◆ **TASK**
Only the lines from the beginning of the data through the one with "Have a need" belong in the answer, each retyped exactly, with pictures left out.

◆ **INFORMATION SUPPLIED**

^^^^

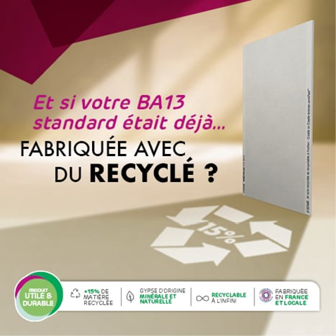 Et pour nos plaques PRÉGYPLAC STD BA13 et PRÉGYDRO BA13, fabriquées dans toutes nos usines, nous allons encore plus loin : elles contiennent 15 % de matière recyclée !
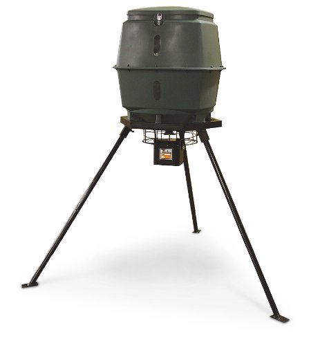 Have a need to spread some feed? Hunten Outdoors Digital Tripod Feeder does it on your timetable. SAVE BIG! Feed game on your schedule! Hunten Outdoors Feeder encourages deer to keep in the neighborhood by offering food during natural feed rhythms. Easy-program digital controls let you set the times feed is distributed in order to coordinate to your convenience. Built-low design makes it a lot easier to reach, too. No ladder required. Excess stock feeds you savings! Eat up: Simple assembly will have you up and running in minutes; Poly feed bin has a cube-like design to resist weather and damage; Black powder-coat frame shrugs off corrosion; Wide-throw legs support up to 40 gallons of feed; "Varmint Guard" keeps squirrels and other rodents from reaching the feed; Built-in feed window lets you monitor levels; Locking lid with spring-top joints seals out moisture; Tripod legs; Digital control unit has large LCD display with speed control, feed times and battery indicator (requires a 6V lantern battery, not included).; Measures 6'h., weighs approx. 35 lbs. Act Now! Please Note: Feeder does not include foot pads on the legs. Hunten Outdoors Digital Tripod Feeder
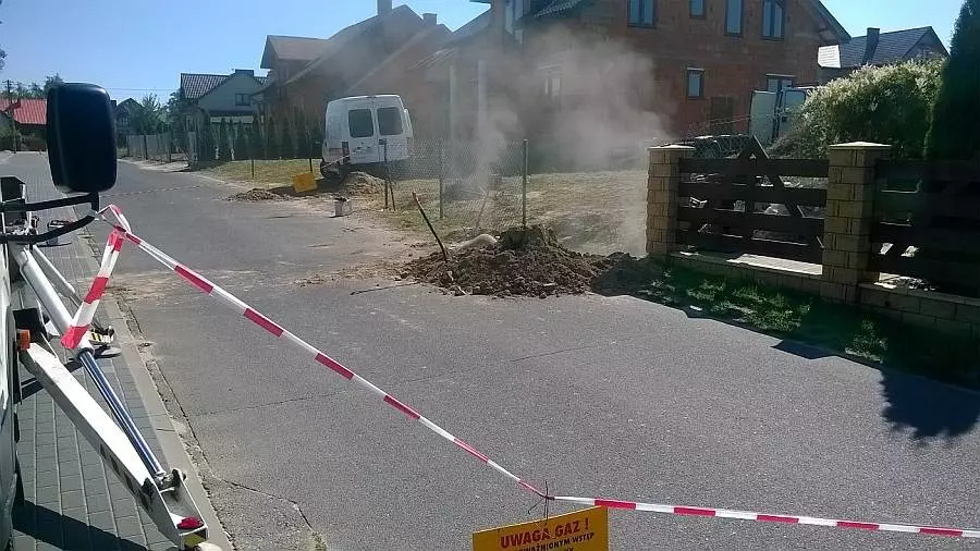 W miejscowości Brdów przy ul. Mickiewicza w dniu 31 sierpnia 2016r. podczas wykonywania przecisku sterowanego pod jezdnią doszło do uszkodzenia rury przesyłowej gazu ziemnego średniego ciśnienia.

^^^^

◆ **FINAL ANSWER**
 Et pour nos plaques PRÉGYPLAC STD BA13 et PRÉGYDRO BA13, fabriquées dans toutes nos usines, nous allons encore plus loin : elles contiennent 15 % de matière recyclée !
 Have a need to spread some feed? Hunten Outdoors Digital Tripod Feeder does it on your timetable. SAVE BIG! Feed game on your schedule! Hunten Outdoors Feeder encourages deer to keep in the neighborhood by offering food during natural feed rhythms. Easy-program digital controls let you set the times feed is distributed in order to coordinate to your convenience. Built-low design makes it a lot easier to reach, too. No ladder required. Excess stock feeds you savings! Eat up: Simple assembly will have you up and running in minutes; Poly feed bin has a cube-like design to resist weather and damage; Black powder-coat frame shrugs off corrosion; Wide-throw legs support up to 40 gallons of feed; "Varmint Guard" keeps squirrels and other rodents from reaching the feed; Built-in feed window lets you monitor levels; Locking lid with spring-top joints seals out moisture; Tripod legs; Digital control unit has large LCD display with speed control, feed times and battery indicator (requires a 6V lantern battery, not included).; Measures 6'h., weighs approx. 35 lbs. Act Now! Please Note: Feeder does not include foot pads on the legs. Hunten Outdoors Digital Tripod Feeder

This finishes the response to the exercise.